July 5, 2023 - June 30th saw the final publication of panel USD LIBOR rates. It seems the loan market has successfully completed its last phase of LIBOR transition.
Overnight and twelve-month USD LIBOR rates have ceased permanently. One-month, three-month, and six-month rates have also ceased as representative panel rates, but they will continue on a non-representative, synthetic basis for fifteen months. The Financial Conduct Authority (FCA)’s decision to compel IBA to publish these synthetic rates for a period of time was subject to market consultation and highly telegraphed. So on July 1st, with little fanfare, the FCA published its Article 23D notice directing IBA to publish the three rates based on a non-representative, synthetic methodology of the relevant tenor of CME’s Term SOFR plus ISDA/ARRC adjustment and its Article 23C notice restricting use of the synthetic rates to most legacy contracts. In summarizing these steps in its July 3rd statement, the FCA stated that “these settings are now permanently unrepresentative” and reiterating that these setting could not be used in new contracts.

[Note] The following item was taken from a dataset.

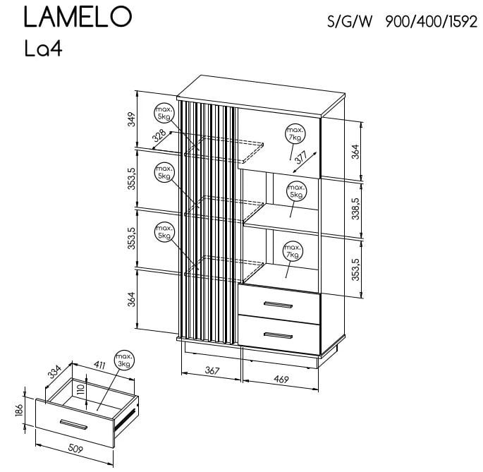 Nizka vitrina je del širše kolekcije Lamelo, ki obsega različne omare, regale, police, pisalno mizo in RTV elemente. To vam omogoča, da svoj prostor opremite v enotnem stilu ter ustvarite harmonično in urejeno okolje. Kolekcija je zasnovana tako, da se posamezni kosi med seboj popolno dopolnjujejo, zato lahko zlahka sestavite dnevno sobo, ki bo ustrezala vašim potrebam in okusu.

Many LIBOR loans already transitioned to a replacement rate far in advance of actual cessation, as a result of consensual amendments, early opt-in triggers or usage of the standard 90-day window for amendments. However, the FCA’s announcement that USD LIBOR is no longer representative served as a trigger event for ARRC-standard hardwired fallback language meaning that Term SOFR plus the applicable standard ARRC/ISDA spread adjustment has contractually replaced LIBOR as the applicable benchmark in approximately 35% of LIBOR loans in the CS LLI. Moreover, outstanding LIBOR loans with ARRC-standard amendment approach fallback language with benchmark unavailability provisions now reference ABR, Base Rate, Prime or another similar “failsafe fallback” unless they have been amended to replace LIBOR. Note that exact timing for fallbacks will depend on the applicable lookback period and mechanics of a given loan. Given the quarter-end timing of the FCA announcement, we expect that many legacy credit agreements will only have their first SOFR (or Prime) rate setting at the next interest reset – whether it be end of July or later depending on the relevant borrower’s interest election. Therefore, the migration to SOFR will continue through the summer and indeed until the end of the year for some loans. Looking ahead, legacy loans that now reference the synthetic LIBOR rates will need to continue with active transition plans ahead of the end-September 2024 deadline.
In other benchmark news, on the heels of panel USD LIBOR ending, IOSCO published its much anticipated “Review of Alternatives to USD Libor” assessing how four potential substitutes for USD LIBOR have implemented the International Organization of Securities Commissions (IOSCO) Principles for Financial Benchmarks. Of particular interest to the loan market is IOSCO’s findings on the two Term SOFR rates – CME’s Term SOFR and IBA’s Term SOFR – the former being the most ubiquitous successor to LIBOR in corporate lending. As directly compared to SOFR, IOSCO found that the Term SOFR rates were “better placed among the rates reviewed, but still fell short of SOFR”. This is not unexpected given the depth of underlying transactions underpinning SOFR – a daily average of roughly $1 trillion in transaction volume. The IOSCO Report highlighted the need for the use of Term SOFR to remain limited, particularly in derivatives markets. Again, these finding are not surprising and are consistent with the ARRC’s recommendations on the use of Term SOFR. Last updated in April, the ARRC recommendations clearly contemplate the use of Term SOFR in business lending, securitizations of business loans, and related derivatives activity to be onsides. Aside from Term SOFR rates, the IOSCO Review did have some harsh words on the two credit sensitive rates (CSRs) reviewed, Ameribor and BSBY. IOSCO’s work confirmed regulatory authorities’ concerns that CSRs exhibit some of the same inherent “inverted pyramid” weaknesses as LIBOR and that their use may threaten market integrity and financial stability. IOSCO further recommends that benchmark administrators, auditors and independent consultants refrain from any representation that the CSRs reviewed are “IOSCO-compliant.” It will be interesting to see how such parties choose to address (or not address) outstanding IOSCO Compliance Statements. Nothing in the IOSCO Review can prevent CSRs from continuing to be offered, but certainly market participants will need to digest this latest recommendation. Furthermore, where members have adopted CSRs in loans, they should be aware of the fallback language in those loans and look out for whether IOSCO compliance of the relevant CSR has any implications for those credit agreements.